種々の実施形態では、本発明は、薬学的に許容される賦形剤を治療的有効量のｍｉＲＮＡ阻害剤と共に含む薬学的組成物を提供する。「薬学的に許容される賦形剤」は、一般的に安全で、非毒性で、また望ましい薬学的組成物を調製するのに有用な賦形剤を意味し、獣医用の使用およびヒト用の薬学的使用に対して許容される賦形剤を含む。そのような賦形剤は、固体、液体、半固体であってもよく、またはエアゾール組成物の場合は気体であってもよい。

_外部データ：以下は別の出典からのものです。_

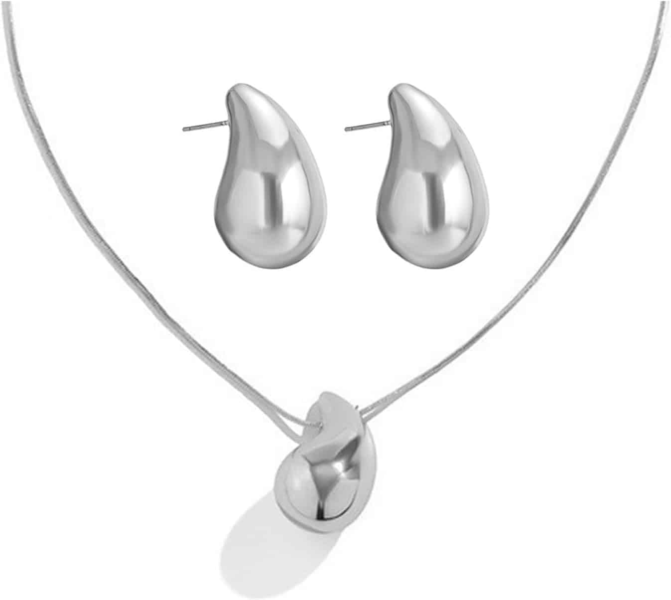 El conjunto de joyas con forma de gota de agua presenta líneas curvas suaves que evocan elegancia natural. El acabado brillante refleja la luz creando un efecto luminoso. Las piezas cuidadosamente elaboradas resaltan la belleza femenina con silueta estilizada con curvas.
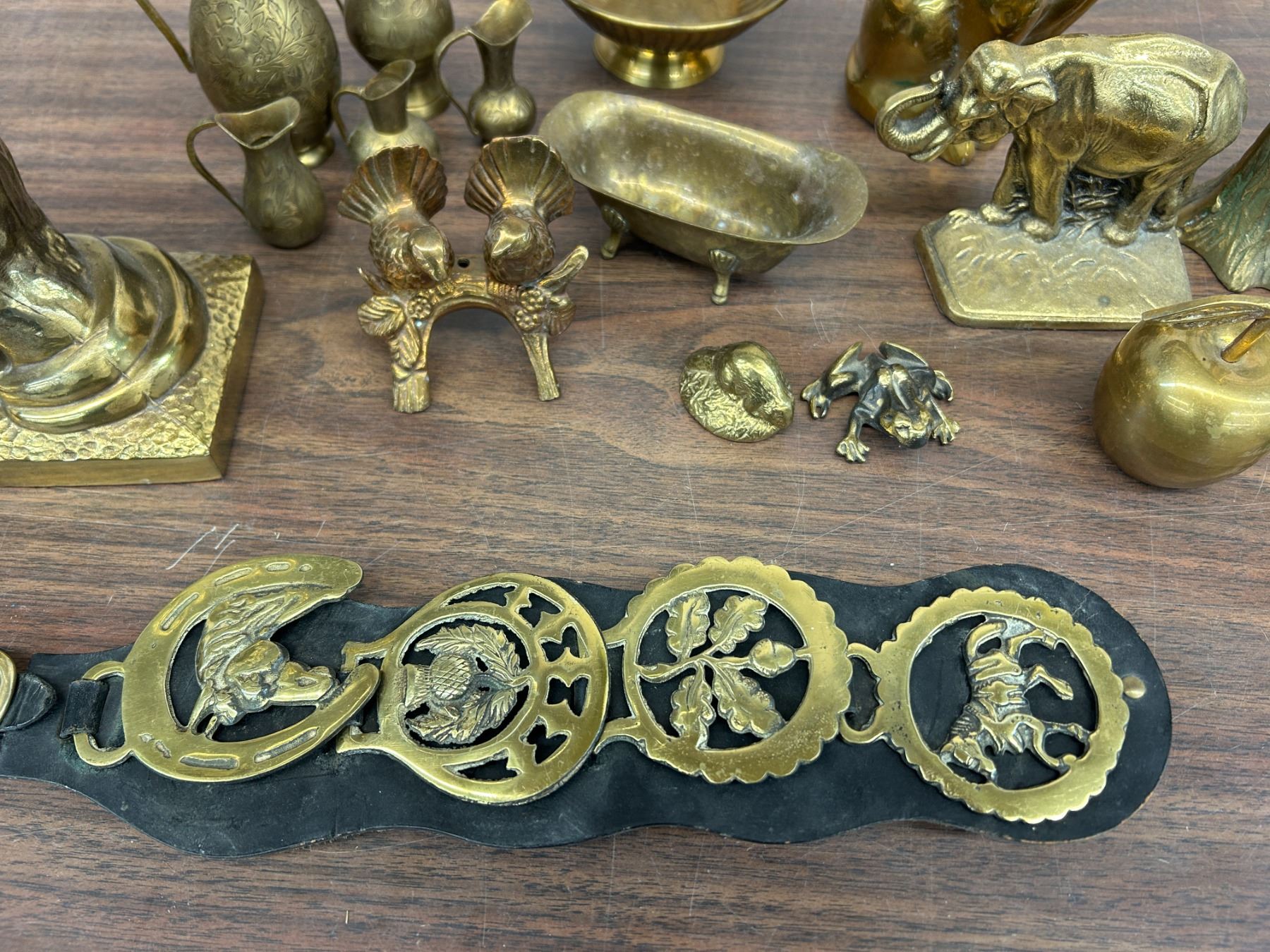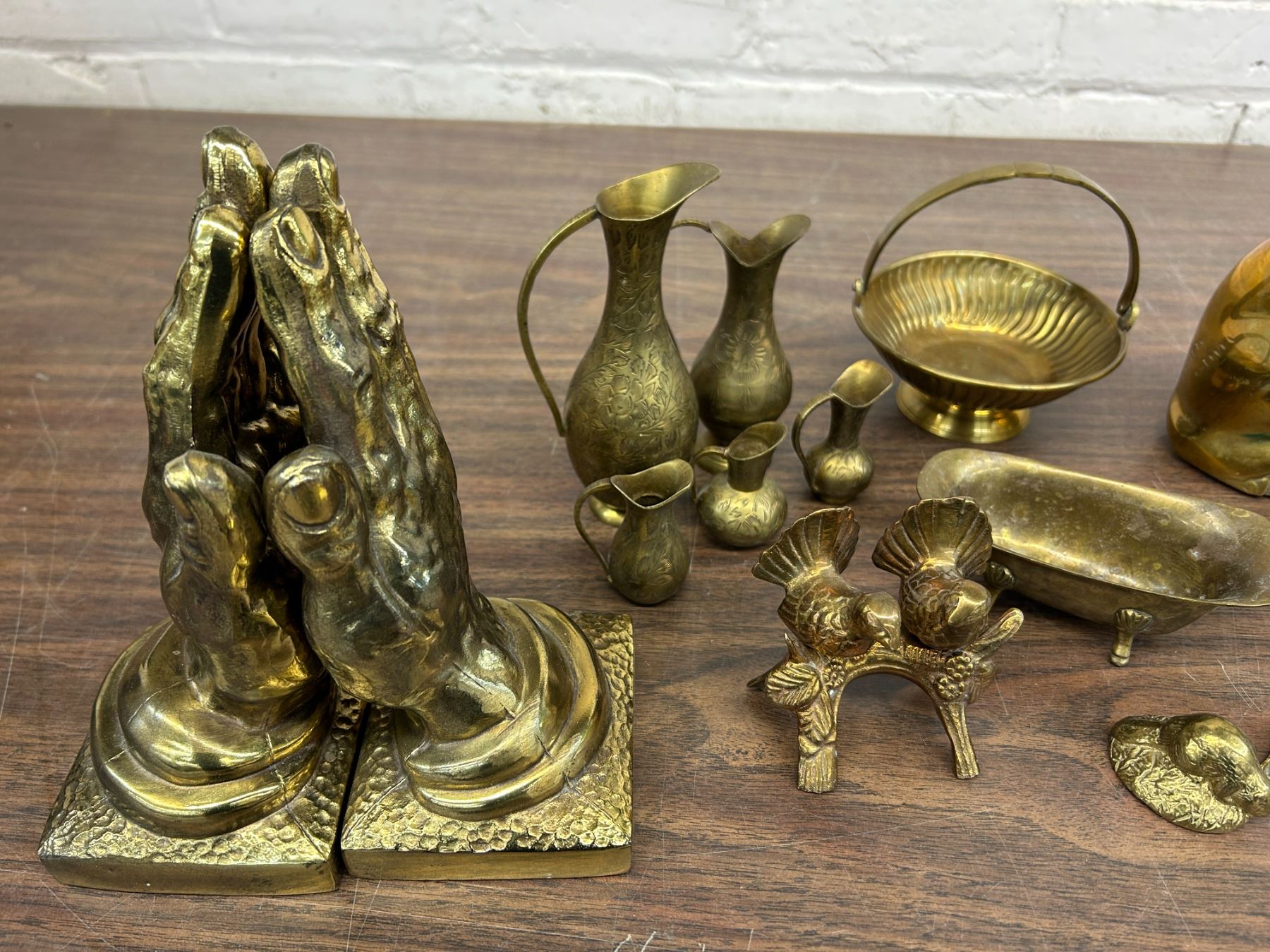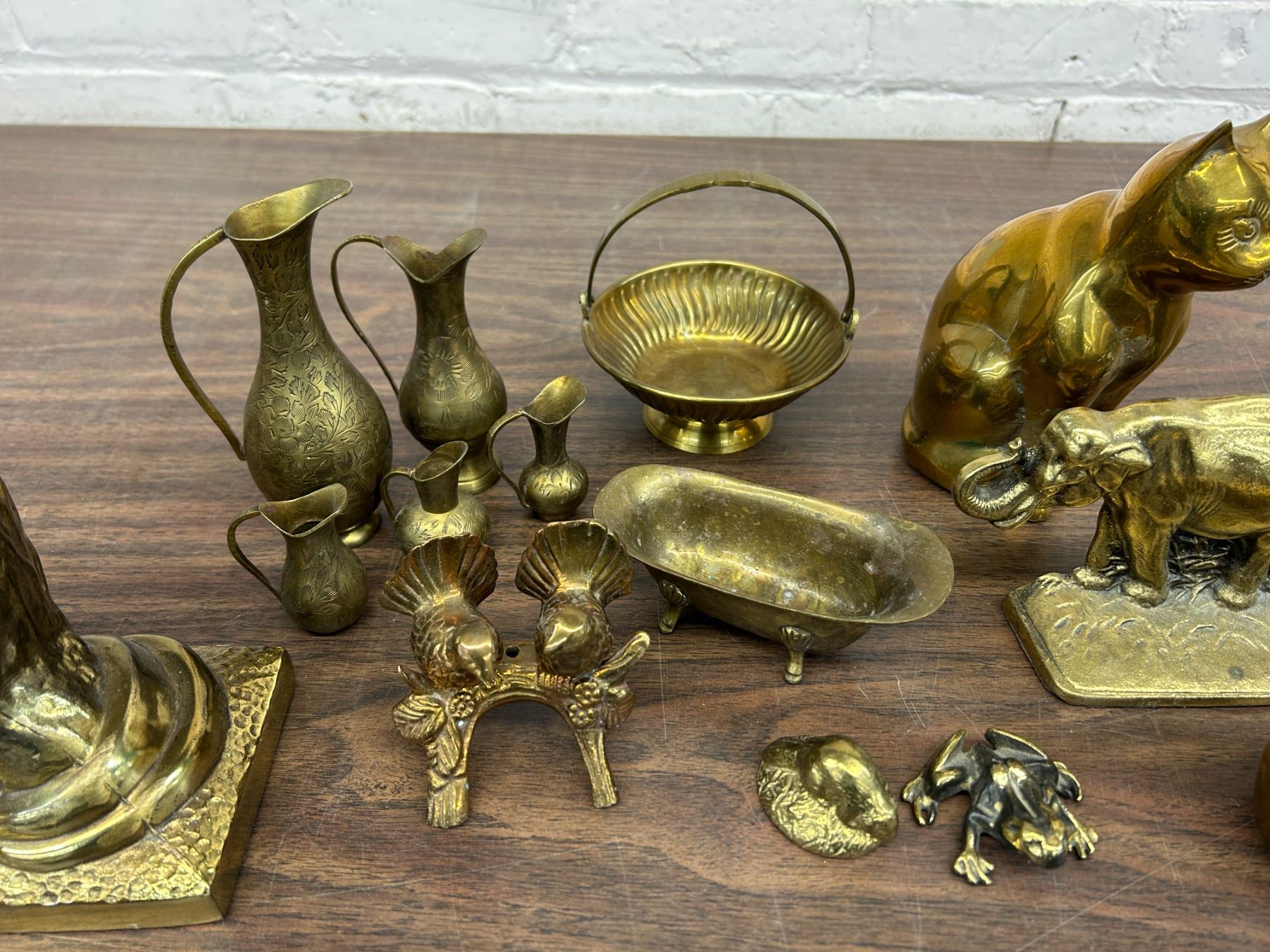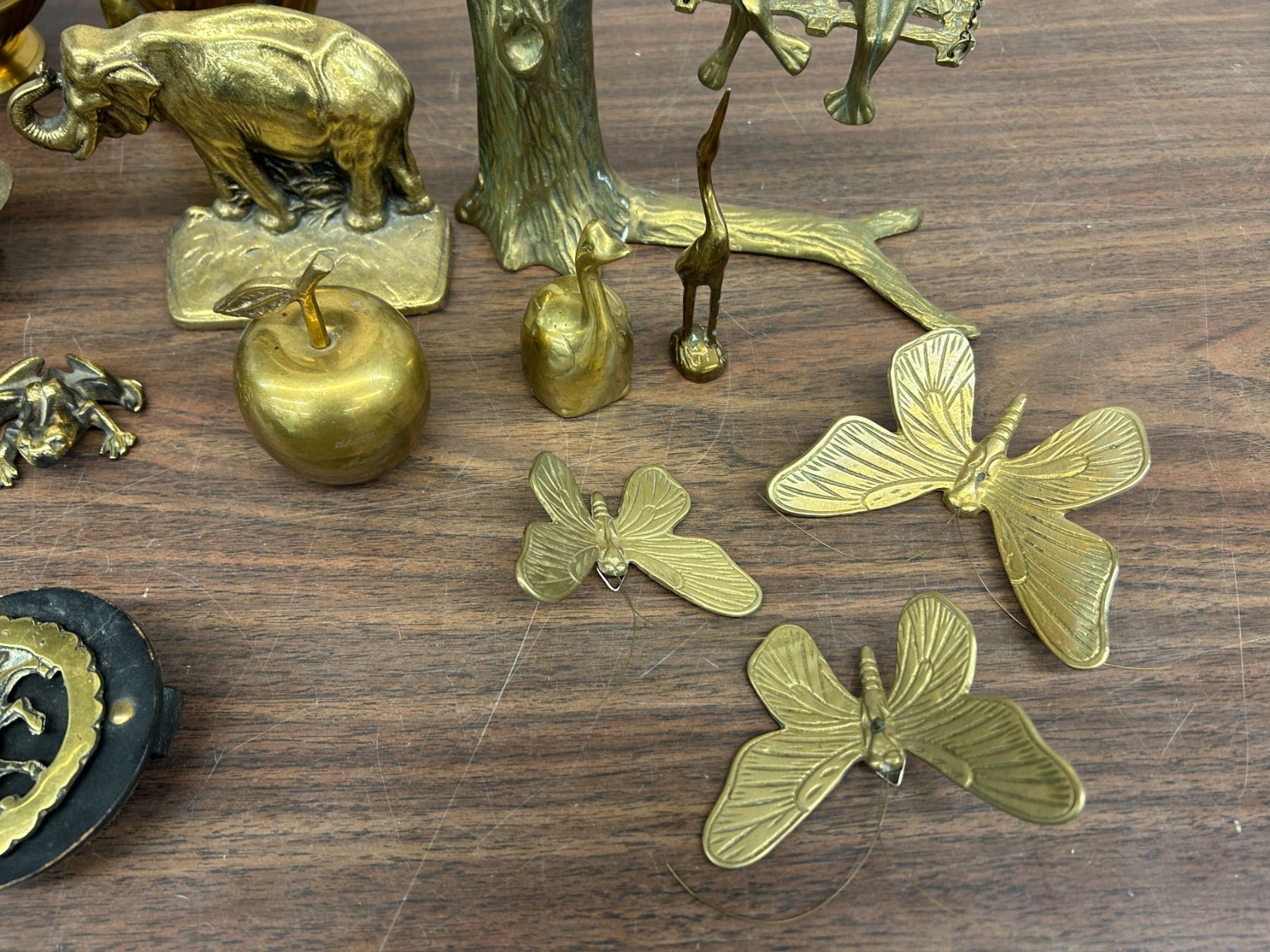 Lot of Assorted Brass Figurines, Hand Bookends, Frog, Elephant, Cat, Butterfly, etc

種々の実施形態では、本発明による薬学的組成物は、任意の投与経路を介する送達のために製剤化されてよい。「投与経路」とは、当該技術分野において既知の任意の投与経路を指すことができ、エアゾール、経鼻、経口、経粘膜、経皮、または非経口を含むがそれらに限定されない。「経皮」投与は、局所クリームもしくは軟膏を使用して、または経皮パッチの手段によって達成することができる。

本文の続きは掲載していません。